#### [Records supplied]
════════════════════

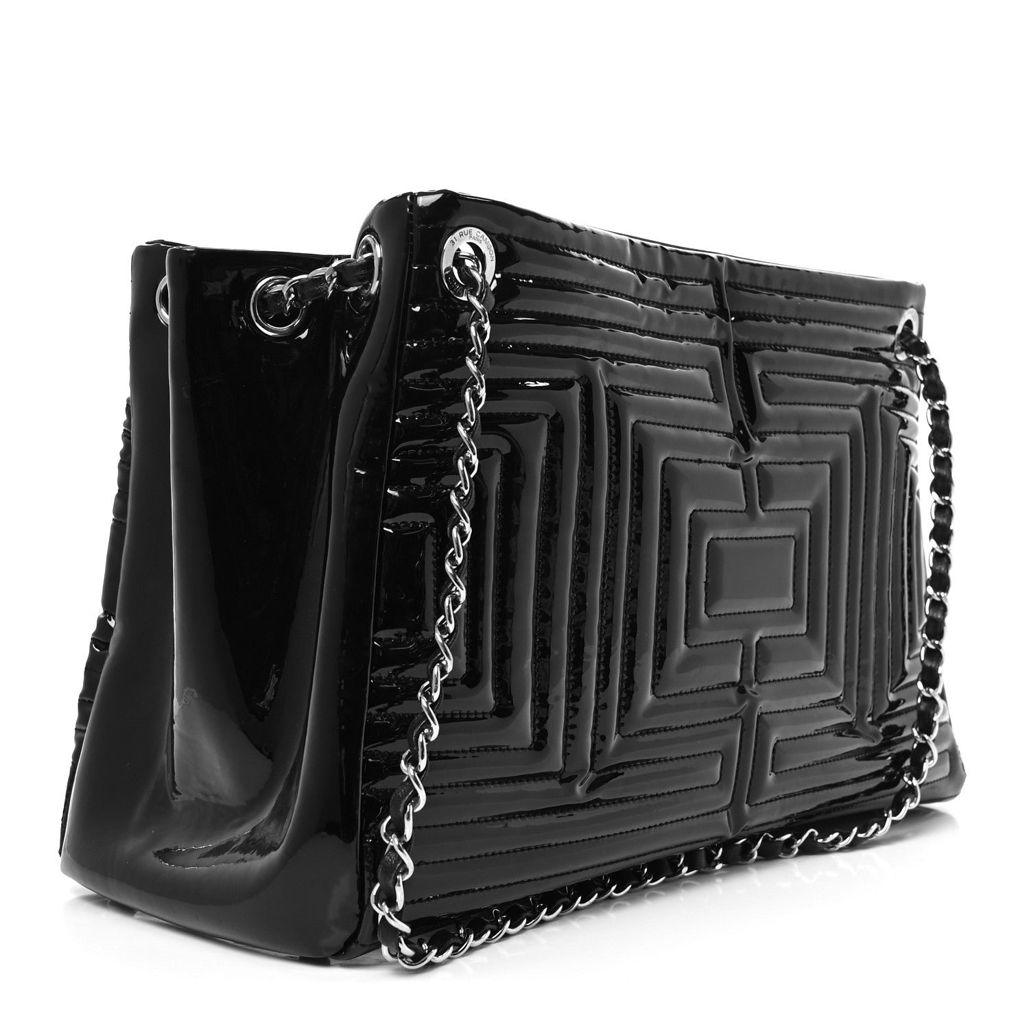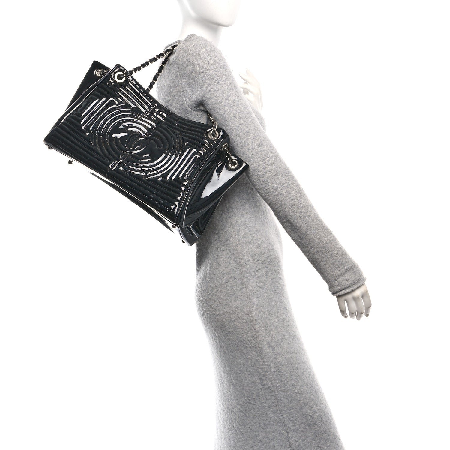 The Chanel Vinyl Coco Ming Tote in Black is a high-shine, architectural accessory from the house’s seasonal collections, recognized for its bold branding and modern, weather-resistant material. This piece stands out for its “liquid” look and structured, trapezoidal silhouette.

════════════════════

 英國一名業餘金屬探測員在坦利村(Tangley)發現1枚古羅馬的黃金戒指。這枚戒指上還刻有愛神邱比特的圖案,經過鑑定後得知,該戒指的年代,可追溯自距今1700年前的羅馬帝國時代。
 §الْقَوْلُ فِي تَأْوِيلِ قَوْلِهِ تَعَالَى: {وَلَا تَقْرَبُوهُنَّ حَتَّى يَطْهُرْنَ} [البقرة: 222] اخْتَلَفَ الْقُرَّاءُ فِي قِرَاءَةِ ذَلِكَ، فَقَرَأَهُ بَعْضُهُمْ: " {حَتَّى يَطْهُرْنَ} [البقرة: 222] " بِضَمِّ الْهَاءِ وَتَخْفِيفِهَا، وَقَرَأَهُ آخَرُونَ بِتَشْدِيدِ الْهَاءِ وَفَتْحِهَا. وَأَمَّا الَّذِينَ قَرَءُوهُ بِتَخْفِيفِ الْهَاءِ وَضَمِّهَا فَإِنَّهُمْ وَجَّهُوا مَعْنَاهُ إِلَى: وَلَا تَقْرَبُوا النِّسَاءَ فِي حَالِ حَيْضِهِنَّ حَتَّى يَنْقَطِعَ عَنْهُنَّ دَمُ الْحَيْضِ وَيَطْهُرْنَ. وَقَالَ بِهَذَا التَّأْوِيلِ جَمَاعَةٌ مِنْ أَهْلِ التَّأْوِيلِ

════════════════════

From the records above, copy only the lines starting with the line that holds "英國一名業餘金屬探測員在坦利" and going on through the line that holds "مِنْ أَهْلِ التَّأْوِيلِ", exactly as written.

#### [Solved exercise]
 英國一名業餘金屬探測員在坦利村(Tangley)發現1枚古羅馬的黃金戒指。這枚戒指上還刻有愛神邱比特的圖案,經過鑑定後得知,該戒指的年代,可追溯自距今1700年前的羅馬帝國時代。
 §الْقَوْلُ فِي تَأْوِيلِ قَوْلِهِ تَعَالَى: {وَلَا تَقْرَبُوهُنَّ حَتَّى يَطْهُرْنَ} [البقرة: 222] اخْتَلَفَ الْقُرَّاءُ فِي قِرَاءَةِ ذَلِكَ، فَقَرَأَهُ بَعْضُهُمْ: " {حَتَّى يَطْهُرْنَ} [البقرة: 222] " بِضَمِّ الْهَاءِ وَتَخْفِيفِهَا، وَقَرَأَهُ آخَرُونَ بِتَشْدِيدِ الْهَاءِ وَفَتْحِهَا. وَأَمَّا الَّذِينَ قَرَءُوهُ بِتَخْفِيفِ الْهَاءِ وَضَمِّهَا فَإِنَّهُمْ وَجَّهُوا مَعْنَاهُ إِلَى: وَلَا تَقْرَبُوا النِّسَاءَ فِي حَالِ حَيْضِهِنَّ حَتَّى يَنْقَطِعَ عَنْهُنَّ دَمُ الْحَيْضِ وَيَطْهُرْنَ. وَقَالَ بِهَذَا التَّأْوِيلِ جَمَاعَةٌ مِنْ أَهْلِ التَّأْوِيلِ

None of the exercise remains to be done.